Perhaps the most prolific re-interpreters of his aphorisms are us: the students of small liberal arts schools (much like Kenyon). This is the very audience Wallace sought to warn about “the capital-T Truth:” “The real value of a real education has almost nothing to do with knowledge, and everything to do with simple awareness.” This awareness is something we clearly lack. Somewhere along the line, the liberal arts curriculum has lost the plot. Without a modern voice from a familiar figure, how are we to find it again?

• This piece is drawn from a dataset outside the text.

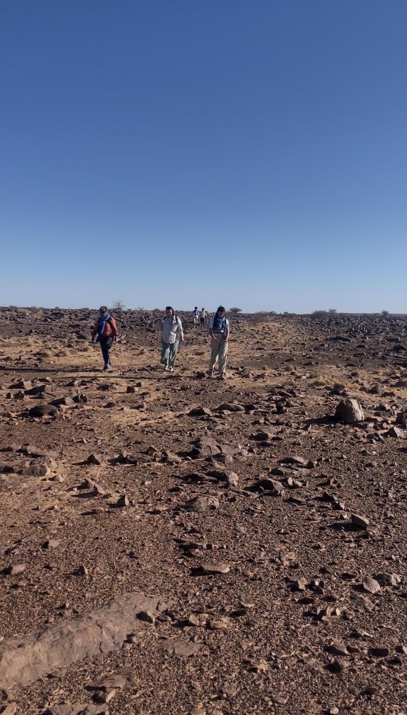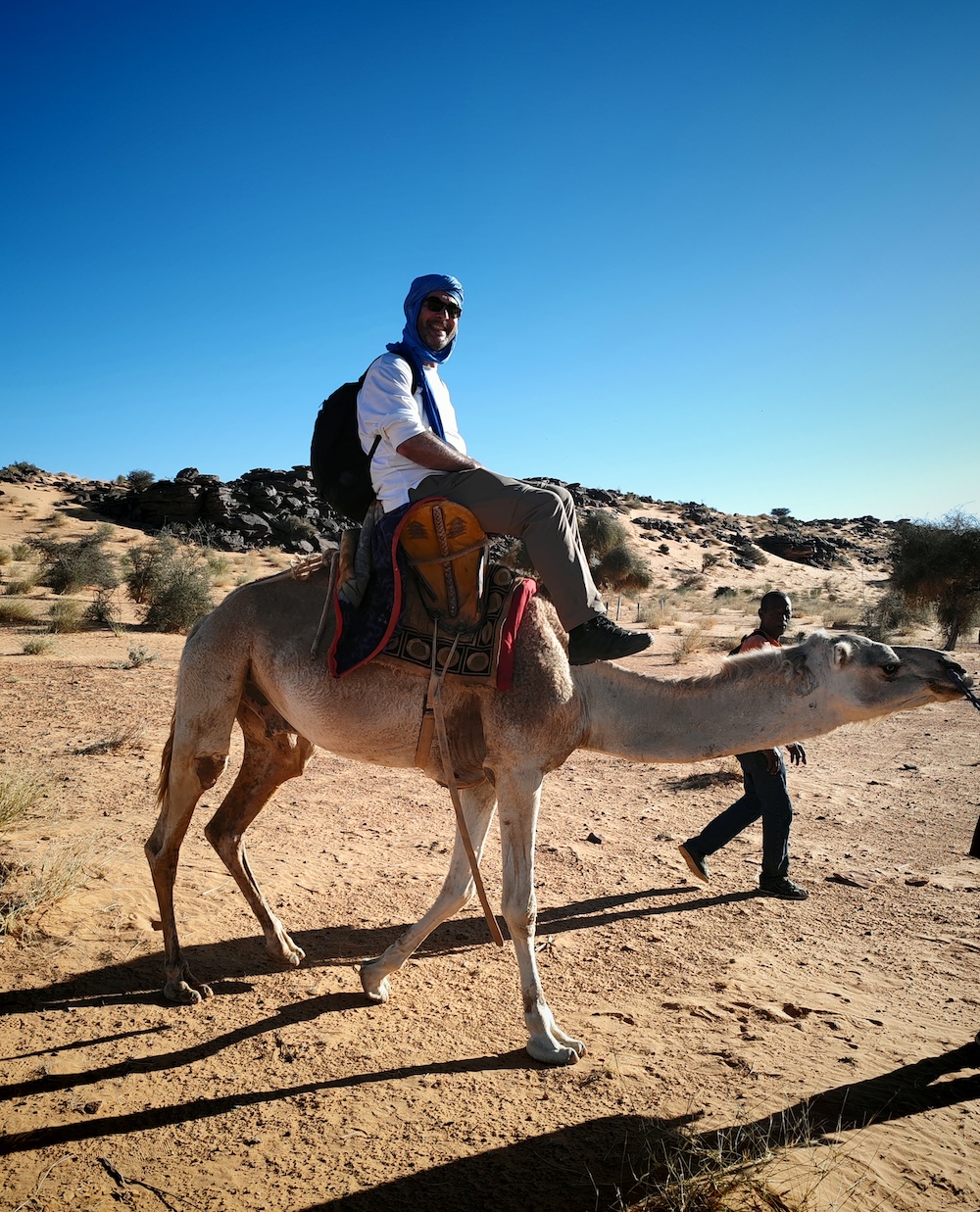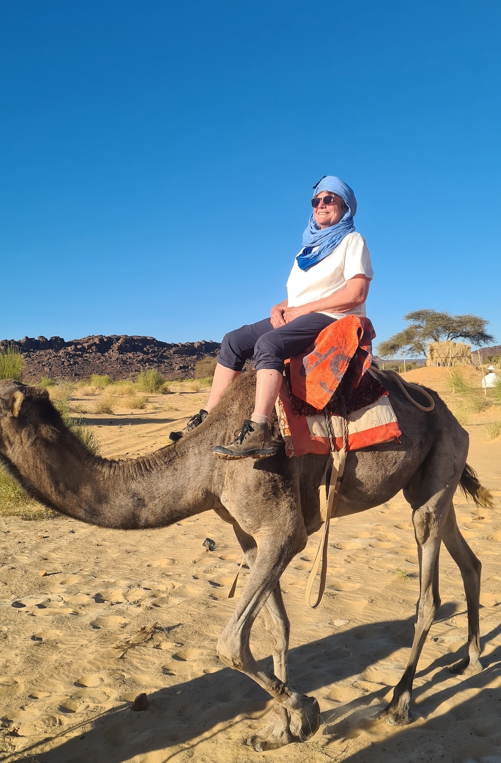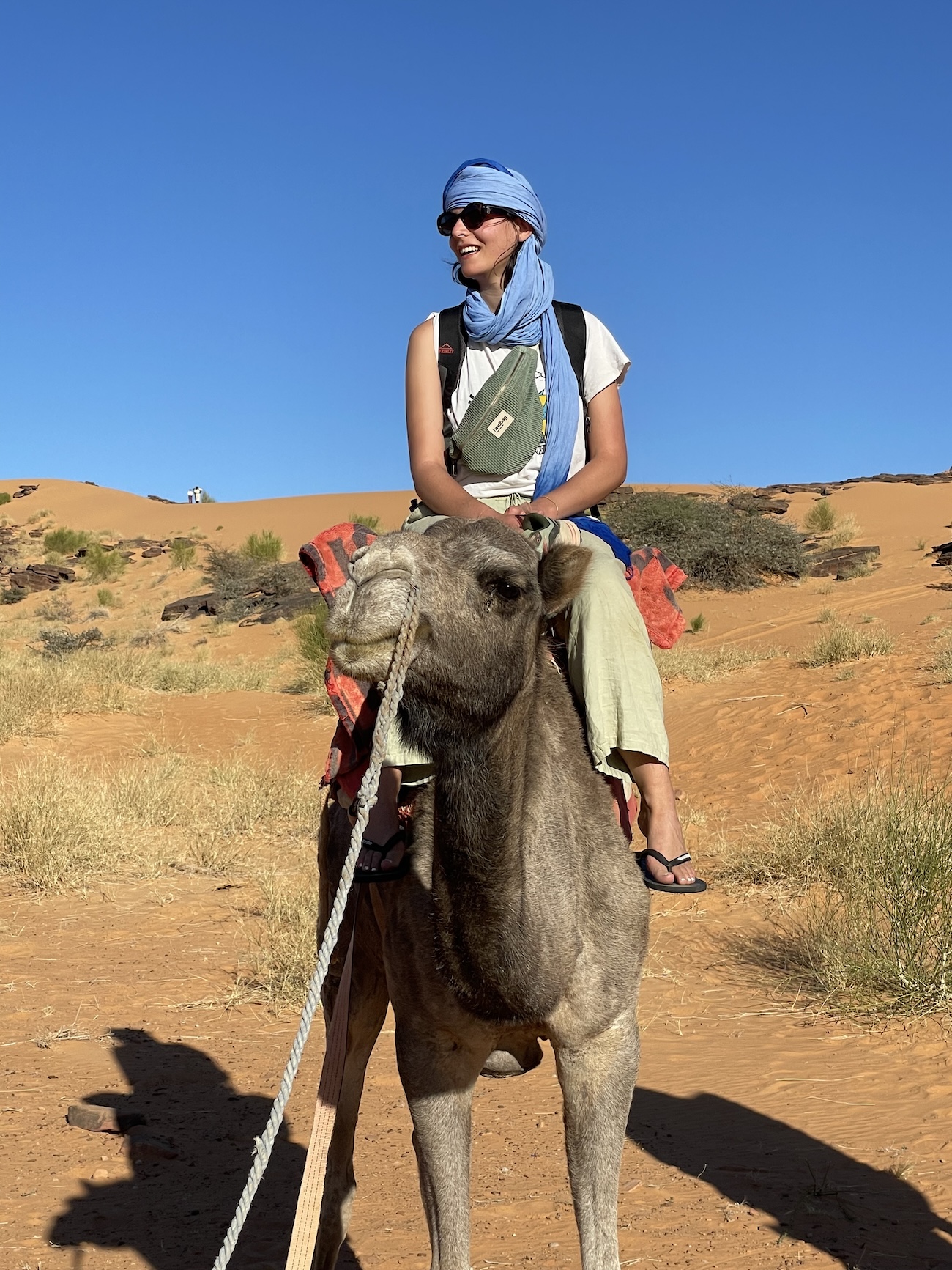 La surprise de l’après-midi sera de retrouver nos dromadaires avant le bivouac, délestés de nos sacs. C’est la séquence touristique tant attendue du tour en dromadaire ! Entre appréhension, grosse rigolade, pitié pour nos montures et émotion pour Ulrique de symboliquement renouer avec ses racines, nous rejouons, avec un peu d’imagination, une scène de Lawrence d’Arabie (pas très 2026 tout ça…)

Whether you are ripping into This Is Water over ramen or just encountering it now, ask yourself what does it mean to be “dead” at a school like Trinity? How can we prevent it? Applying systems of empathy to an academic community has never seemed so impossible. Perhaps if he had not passed so soon, Wallace could have guided us poor undergrads to understanding this ever-complex increasingly digital world on a more human level. David Foster Wallace tells us what it means to be a person better than any other writer or philosopher of the modern age. As the world has descended into chaos politically and culturally, we remain sorely in need of his perspective on the ever-evolving and chronically dead circumstances of our communities.